[Information provided]

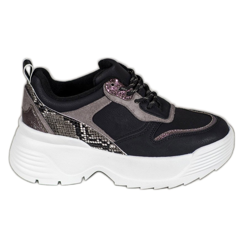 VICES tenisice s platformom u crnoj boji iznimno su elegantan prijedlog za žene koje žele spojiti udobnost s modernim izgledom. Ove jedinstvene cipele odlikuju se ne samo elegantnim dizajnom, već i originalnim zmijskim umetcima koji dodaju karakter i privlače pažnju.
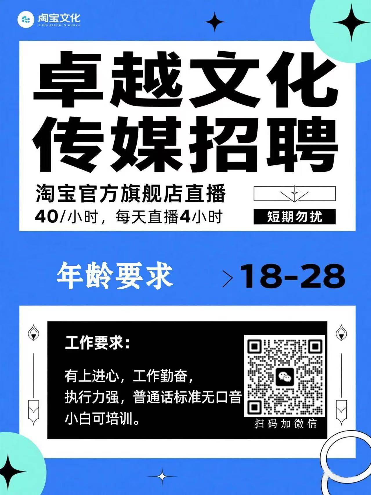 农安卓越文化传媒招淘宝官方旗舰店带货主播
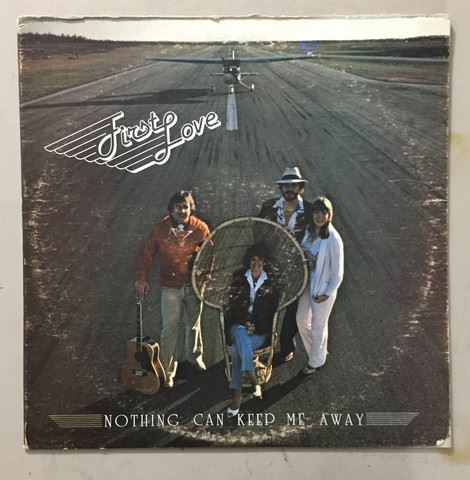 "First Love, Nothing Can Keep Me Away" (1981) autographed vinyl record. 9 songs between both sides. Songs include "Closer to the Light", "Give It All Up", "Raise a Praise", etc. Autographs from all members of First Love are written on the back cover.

[/Information provided]

#### What you need to do
Only the lines from the one containing "农安卓越文化传媒招淘宝官方旗舰店带货主播" through the final line of the material should appear in the answer, copied exactly and without any picture.

#### Solution to this problem
 农安卓越文化传媒招淘宝官方旗舰店带货主播
 "First Love, Nothing Can Keep Me Away" (1981) autographed vinyl record. 9 songs between both sides. Songs include "Closer to the Light", "Give It All Up", "Raise a Praise", etc. Autographs from all members of First Love are written on the back cover.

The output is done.